More generally (6.3) simply provides a lower bound on the probability that some random variable is
non-zero. It is often called the second moment method.
-
Consider a graph with \(n\) vertices. For each (unordered) pair of distinct vertices
\((v_1,v_2)\), the edge from \(v_1\) to \(v_2\) is present in the graph with probability \(p\), independent of all other pairs of vertices. This graph is known as the Erdős-Renyi graph, often denoted by
\(G(n,p)\). We are interested in whether \(G(n,p)\) contains isolated vertices, which are vertices that have no edges connected to them, as \(n\to \infty \).
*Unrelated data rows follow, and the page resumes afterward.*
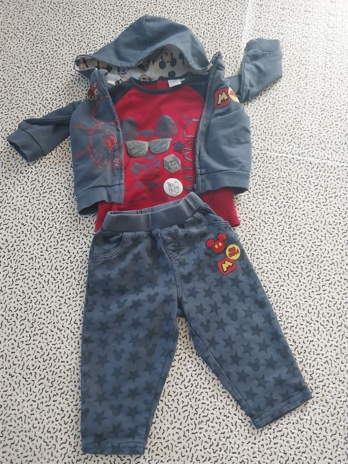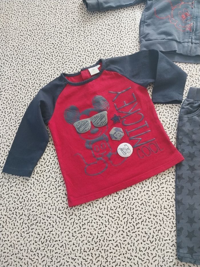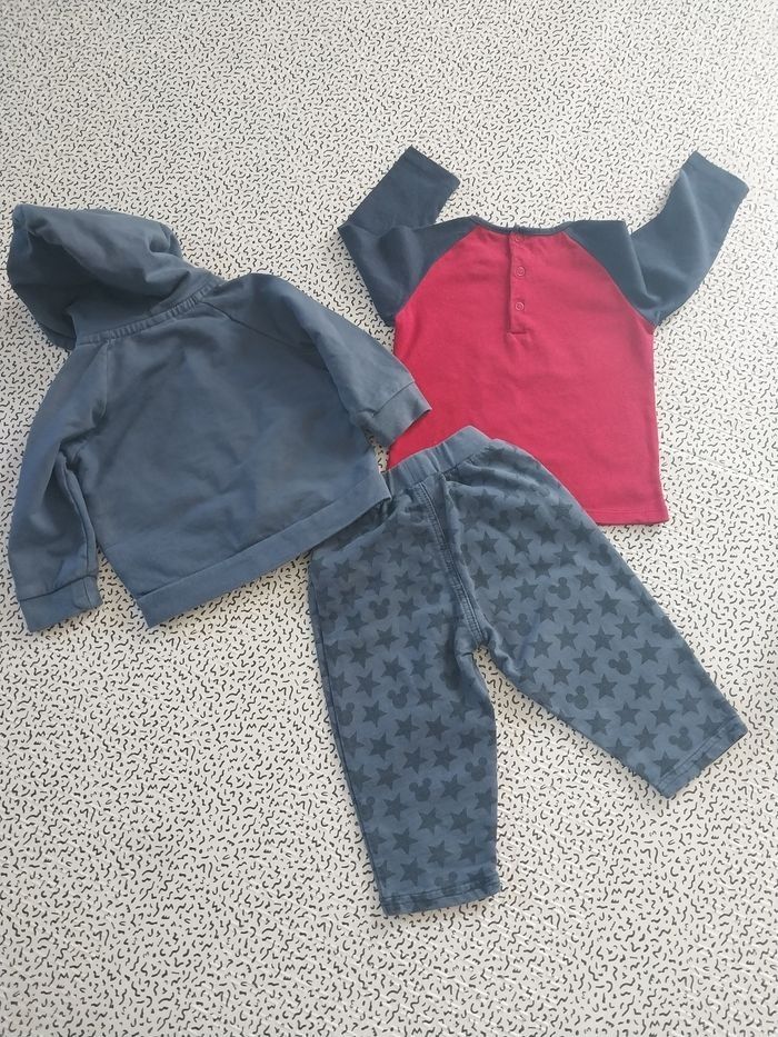 Lot 3 pièces Mickey : sweat capuche, t-shirt manches longues et pantalon assorti ⭐🐭 💙 Confortable & pratique pour bébé ! 📌 Taille 12 mois – Bon état #Disney #Mickey #BébéGarçon #12mois #DisneyBaby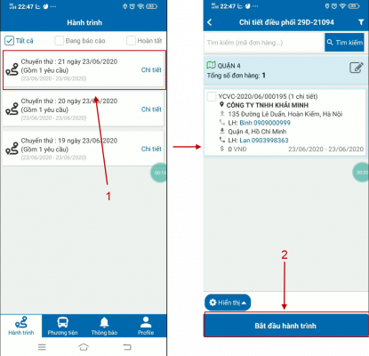 Tài xế chọn tin và nhấn “Bắt đầu hành trình”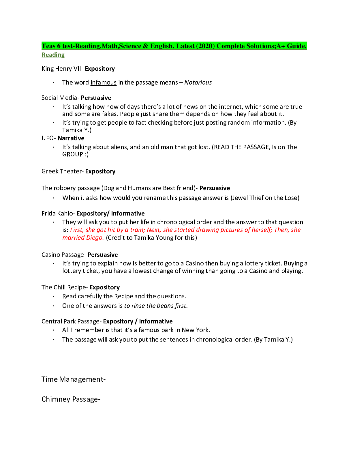 SCIENCE 101 > STUDY GUIDE > Teas 6 test-Reading,Math,Science & English, Latest (2020) Complete Solutions;A+ Guide. (All)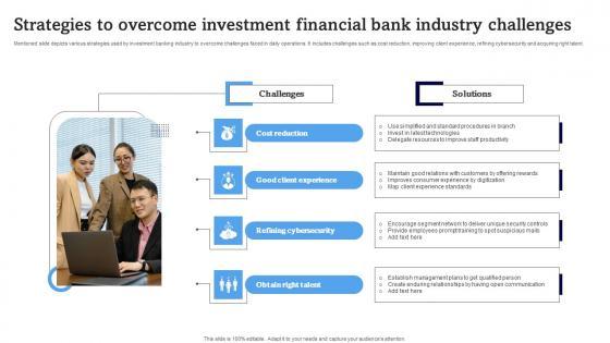 Mentioned slide depicts various strategies used by investment banking industry to overcome challenges faced in daily operations. It includes challenges such as cost reduction, improving client experience, refining cybersecurity and acquiring right talent. Showcasing this set of slides titled Strategies To Overcome Investment Financial Bank Industry Challenges Icons Pdf. The topics addressed in these templates are Cost Reduction, Good Client Experience, Refining Cybersecurity. All the content presented in this PPT design is completely editable. Download it and make adjustments in color, background, font etc. as per your unique business setting. Mentioned slide depicts various strategies used by investment banking industry to overcome challenges faced in daily operations. It includes challenges such as cost reduction, improving client experience, refining cybersecurity and acquiring right talent.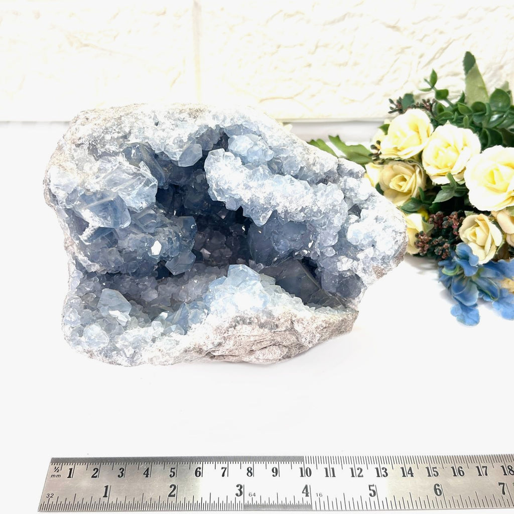 Large Celestite Clusters are not easily available due to the softness of the matrix they are found on. Some of the cluster options are of superior (AAA) quality. Clusters 1, 2, 5, 7, and 8 are AAA quality. Known as the angelic stone, Celestite connects you to the angels and guides you through dreams or meditation. Keeping it at your bedside helps in astral travel. It promotes spiritual development, and clairvoyance, and enhances intuition. It is a great stone to help with public speaking and communication. It helps to calm the mind of those who think too much. It is also one of the best stones to use in children’s bedrooms. The matrix or the soft earth holding the celestite together can easily break or dissolve in water. The properties of the crystal do not change in case this happens. Handle these with care and do not soak them in water.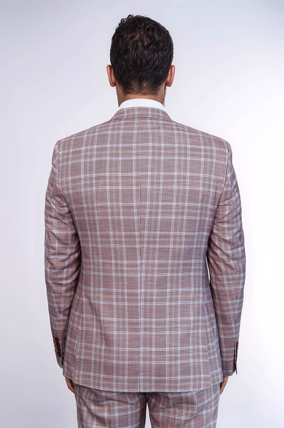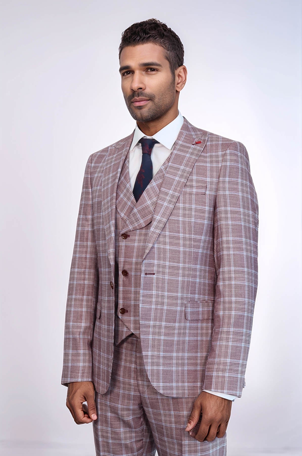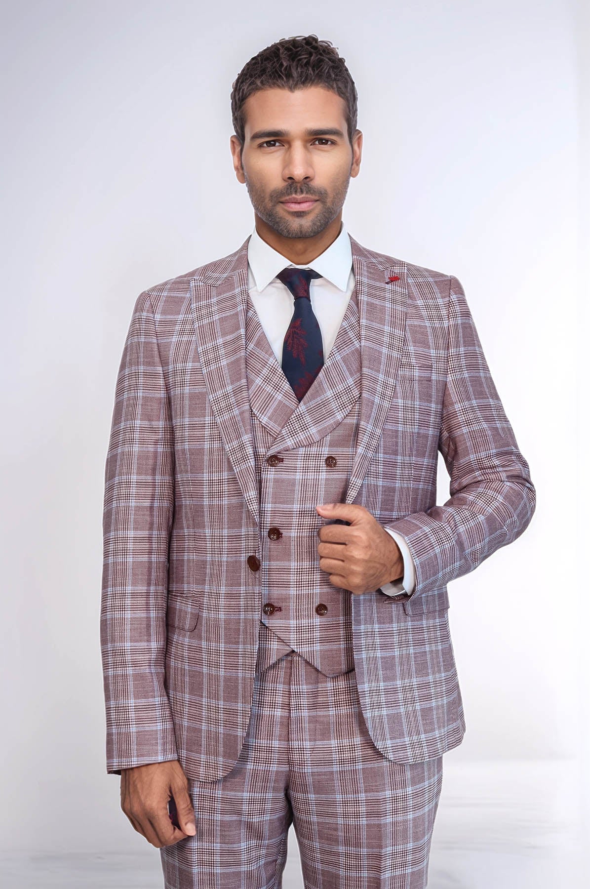 Burgundy Plaid Vested Slim Fit Italian...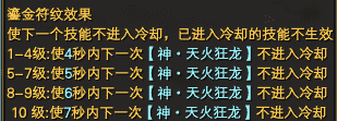 韌位技能,神天火狂龍;通常使用金色或者藍色,金色擁有元氣恢復(fù),副本雙龍WX必備顏色,藍色需要配合神萬劍訣釋放,用于清理眾多小怪做到滿屏暴擊,普通玩家建議使用金色。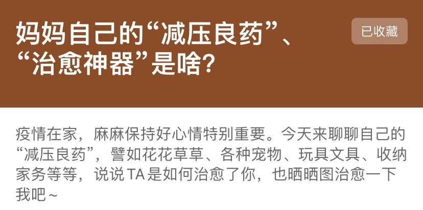 怎么办?我们需要自我解压,给自己找乐子、找疏解,甚至找“出气口”,让自己的负面情绪尽量“清零”。最近,我们问了社区花友,你亲测有效的“减压良药、治愈神器”是什么?大家的参与度很高,看来都有这方面的需求啊~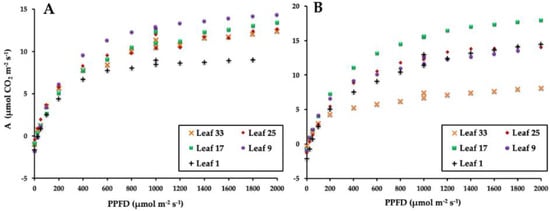 In terms of the photosynthetic response, which in this case measures the highest reachable photosynthesis rate under optimal CO2 concentration with different PPFD, the light response curves of varying-age leaves in 6-year-old (Figure 3A) and 14-year-old (Figure 3B) palms show the highest Amax in Leaf 17 in both cases. However, the Amax was higher in the 14-year-old palms than in the 6-year-old palms. In both cases, the photosynthetic capacity was reduced with the age of the leaf. Thus, the lowest photosynthetic response was measured in the 14-year-old palms in Leaf 33. This is per the photosynthetic rate measured (Figure 2) and is related to the phenology of the leaf [,]. Leaf 1 is very young and not always fully expanded. From Leaf 9, the metabolic status of the leaves is more stable, and it is generally accepted that the metabolic peak is reached in Leaf 17, with a slight decrease in Leaf 25, but with strong signs of senescence in Leaf 33 [].
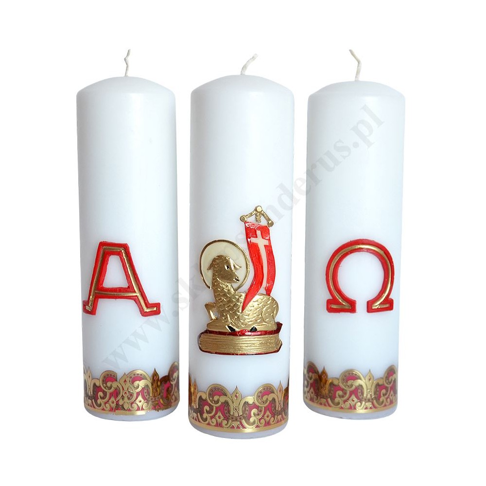 Komplet trzech świec parafinowych o wysokości 23 cm i średnicy 7 cm, zdobione wielkanocnymi aplikacjami.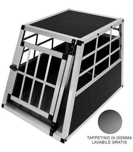 Transportate I vostri animali domestici in sicurezza con le gabbie trapezioidali per veicoli in alluminio di MonsterShop. Specifiche: Gabbia per trasporto animali trapezioidale con fronte a 65° adatte per bauli di macchine Fatte in robusto alluminio con porta serrabile e tappetino in gomma lavabile GRATIS Dimensioni gabbia singola-media: 50cm (A) x 54cm (L) x 69cm (P) Peso; 8kg Telaio: Alluminio 0.9 x 2-3mm Pannelli in legno: MDF 8mm Spessore tappetino: 3mm Colore: Nero e argento Angolo posteriore: 90° Angolo frontale: 65° ...

Let \(E_i\) be the event that vertex \(i\) is isolated, and let \(Y_n=\sum _{i=1}^n \1_{E_i}\) be the number of isolated vertices. The probability of each vertex being isolated is \(\P [E_i]=(1-p)^{n-1}\), so
the expected number of isolated vertices is \(\E [Y_n]=\sum _{i=1}^n\P [E_i]=n(1-p)^{n-1}\).
A pair of distinct vertices, that is \(i\neq j\), is part of \(2n-3\) edges (and not \(2n-2\), because they are both part of the edge between them), so \(\P [E_i\cap E_j]=(1-p)^{2n-3}\). We can calculate the
second moment too, with the help of Exercise 2.5, as
\(\seteqnumber{0}{6.}{3}\)
\begin{align*}
\E [Y_n^2] &= \sum _{i,j=1}^n \P [E_i\cap E_j] \\ &= \sum _{i=1}^n\P [E_i] +\sum _{\stackrel {i,j=1}{i\neq j}}^n \P [E_i\cap E_j] \\ &=
n(1-p)^{n-1}+n(n-1)(1-p)^{2n-3}
\end{align*}
Note that since \(Y\) takes integer values, \(\P [Y>0]=\P [Y\geq 1]\). The Paley-Zygmund inequality gives that
\[\P [Y\geq 1]\geq \frac {n^2(1-p)^{2n-2}}{n(1-p)^{n-1}+n(n-1)(1-p)^{2n-3}} =\frac {1}{\frac {1}{n}(1-p)^{-n-3}+\frac {n-1}{n}(1-p)^{-1}}.\]
Allowing \(p\) to depend on \(n\), it follows that if \(\frac {1}{n(1-p)^n}\to 0\), or equivalently \(n(1-p)^n\to \infty \), as \(n\to \infty \) then we must have \(\P [Y\geq 1]\to 1\) as \(n\to
\infty \). If that condition holds, then for large \(n\) it is very likely that \(G(n,p)\) contains at least one isolated vertex.